§ Provided data
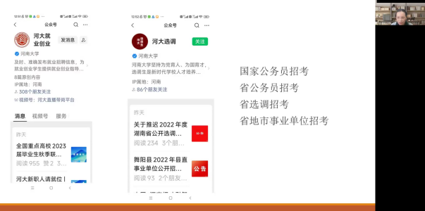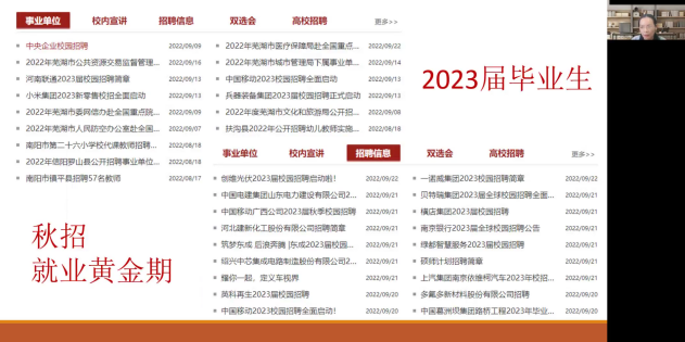 随后,吴瑷瑷结合学院2018级本科生考研情况及全国大学生考研情况的相关数据进行了对比分析,建议同学们从“理性看待考研”“合理确定目标”“全力以赴备考”三方面着手,提高一战成功率。“考研的终极目标还是为了工作,同学们应结合自身发展目标,理性确定努力能够实现的目标,争取一次上岸。既然确定了目标与方向,就风雨兼程,全力以赴。”最后,吴瑷瑷建议同学们抓住“秋招”这个就业黄金期,备考的同时积极关注“亚搏平台就业创业信息网”“河大就业创业”“河大选调”等平台发布的求职就业信息,给自己预留一个备选方案。
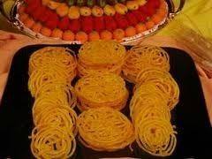 - يصنع على شكل دوائر فوق بعضها وتترك حتى تحمر وترفع من الزيت وتغمس فى الشربات وتكرر العملية حتى انتهاء باقى العجين ويقدم
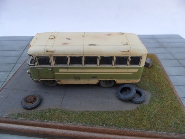 Всем привет! Представляю очередную новинку от AVD Models -на это раз это автобус Таджикистан 1.Первый автобус, собранный из каунасских комплектов в мае 1959 года, получил обозначение «Таджикистан-1». В течение года он проходил испытания и осенью был отправлен для показа в Москву. В 1960 году на заводе изготовили первые серийные 112 пассажирских машин. Модель из " Смоляной серии" AVD Models. Кузов модели отлит из смолы, и отлит очень качественно, облой удаляется легко, смола крепкая и в то же время легко обрабатывается, что имеет большой плюс. Так же модель дополнена пластиковыми деталями- бампер, задний мост, кардан, зеркала,окантовка фар и руль, диски колес, что упрощает работу. Стоит отметить и отличные покрышки не уступающие Харькову, мягкие с отличной проработкой. Остекление дано прозрачной пленкой. Фары отлиты из прозрачного пластика, оптика головного света имеет насечки, что тоже очень хорошо. В общем смоляные модели не стоят на месте , а продолжают совершенствоваться, и это отлично! По сборке проблем никаких, понятная инструкция, все легко и стыковка хороша. Автобус очень понравился, делать его было интересно . Окрашен мотип зеленый, чайная роза. Приятного просмотра!

§ Task
Leaving the images out, retype all the material above exactly.

§ The answer
 随后,吴瑷瑷结合学院2018级本科生考研情况及全国大学生考研情况的相关数据进行了对比分析,建议同学们从“理性看待考研”“合理确定目标”“全力以赴备考”三方面着手,提高一战成功率。“考研的终极目标还是为了工作,同学们应结合自身发展目标,理性确定努力能够实现的目标,争取一次上岸。既然确定了目标与方向,就风雨兼程,全力以赴。”最后,吴瑷瑷建议同学们抓住“秋招”这个就业黄金期,备考的同时积极关注“亚搏平台就业创业信息网”“河大就业创业”“河大选调”等平台发布的求职就业信息,给自己预留一个备选方案。
 - يصنع على شكل دوائر فوق بعضها وتترك حتى تحمر وترفع من الزيت وتغمس فى الشربات وتكرر العملية حتى انتهاء باقى العجين ويقدم
 Всем привет! Представляю очередную новинку от AVD Models -на это раз это автобус Таджикистан 1.Первый автобус, собранный из каунасских комплектов в мае 1959 года, получил обозначение «Таджикистан-1». В течение года он проходил испытания и осенью был отправлен для показа в Москву. В 1960 году на заводе изготовили первые серийные 112 пассажирских машин. Модель из " Смоляной серии" AVD Models. Кузов модели отлит из смолы, и отлит очень качественно, облой удаляется легко, смола крепкая и в то же время легко обрабатывается, что имеет большой плюс. Так же модель дополнена пластиковыми деталями- бампер, задний мост, кардан, зеркала,окантовка фар и руль, диски колес, что упрощает работу. Стоит отметить и отличные покрышки не уступающие Харькову, мягкие с отличной проработкой. Остекление дано прозрачной пленкой. Фары отлиты из прозрачного пластика, оптика головного света имеет насечки, что тоже очень хорошо. В общем смоляные модели не стоят на месте , а продолжают совершенствоваться, и это отлично! По сборке проблем никаких, понятная инструкция, все легко и стыковка хороша. Автобус очень понравился, делать его было интересно . Окрашен мотип зеленый, чайная роза. Приятного просмотра!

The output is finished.